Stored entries
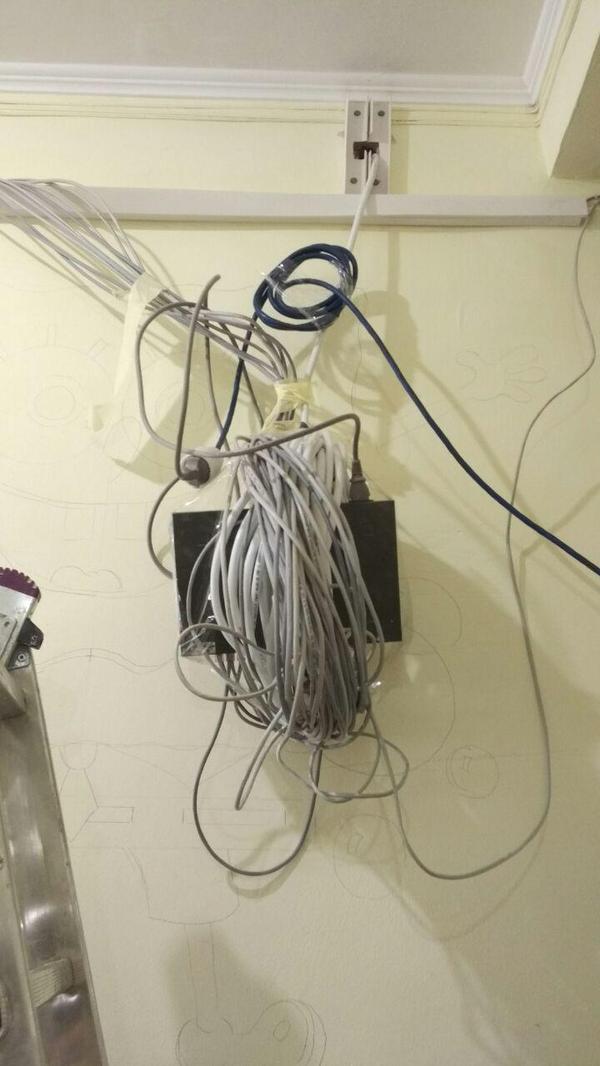 Позвали нас с знакомым на один объект, сказали нужно переместить хаб в другое помещение(подсобка) и провести туда все провода на время ремонта, пришли на объект и оценив масштабы работ оба решили что не нужно переносить в другой кабинет а закрепим в коридоре .Ремонт не капитальный а просто красили стены и ради такой мелочи сверлить дырку в стене в подсобку ради то что бы он простоял там 3 дня было глупо. но шуруповерта под руками не было и в конечном итоге мы закрепили его вот так, и обмотали скотчем что бы не упал, вот так вот.
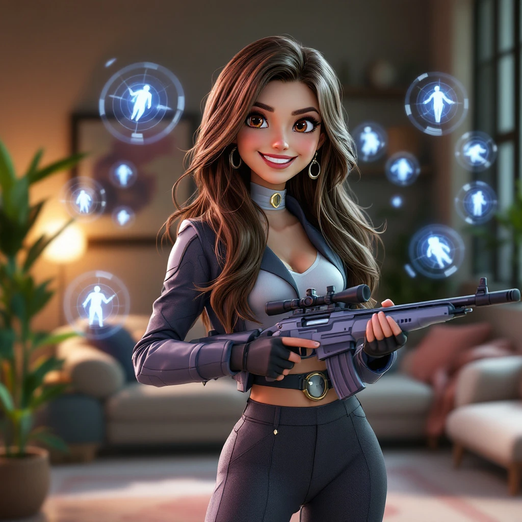 A digital artwork from Pixar Disney 3D of Caitlyn from League of Legends in a charming, youthful style. She has long, flowing brown hair and large, expressive eyes with a confident, joyful smile. Caitlyn is wearing a stylish, futuristic version of her signature outfit with a modern twist, including a sleek, tailored jacket and high-waisted pants. She holds her sniper rifle in a whimsical, non-threatening way, with transparent holograms of her targets floating around her in the room. The setting is a cozy, modern living room with soft dynamic lighting, engaging composition, and rich colors. The scene features oversized facial features and soft shadows, with a playful and animated Pixar-style atmosphere, full of life and warmth
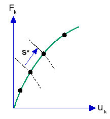 In this strategy, the loads applied to the system are used as the prescribed variables. Each state (point) on the equilibrium path is determined by the intersection of a surface (F = constant) with the path to determine the deformation parameters.
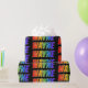 This vibrant, fun, multicolored wrapping paper design features the common first name "WAYNE" having a colorful rainbow spectrum like coloring pattern. The background is colored black. Exciting wrapping paper like this might be a fun way to wrap a gift or present being given to somebody named Wayne. [~Z0000354]
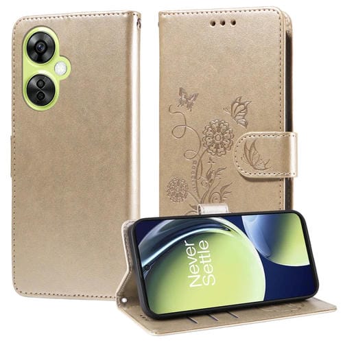 Funda de Cuero OnePlus Nord Ce 3 Lite/Nord N30 con Diseño Mariposas y Flores en Relieve (Dorada)

▶ **Exercise objective**
Your reply should hold only the lines running from the one with "This vibrant, fun, multicolored" to the end of the data above, set down exactly, pictures omitted.

▶ **Problem solution**
 This vibrant, fun, multicolored wrapping paper design features the common first name "WAYNE" having a colorful rainbow spectrum like coloring pattern. The background is colored black. Exciting wrapping paper like this might be a fun way to wrap a gift or present being given to somebody named Wayne. [~Z0000354]
 Funda de Cuero OnePlus Nord Ce 3 Lite/Nord N30 con Diseño Mariposas y Flores en Relieve (Dorada)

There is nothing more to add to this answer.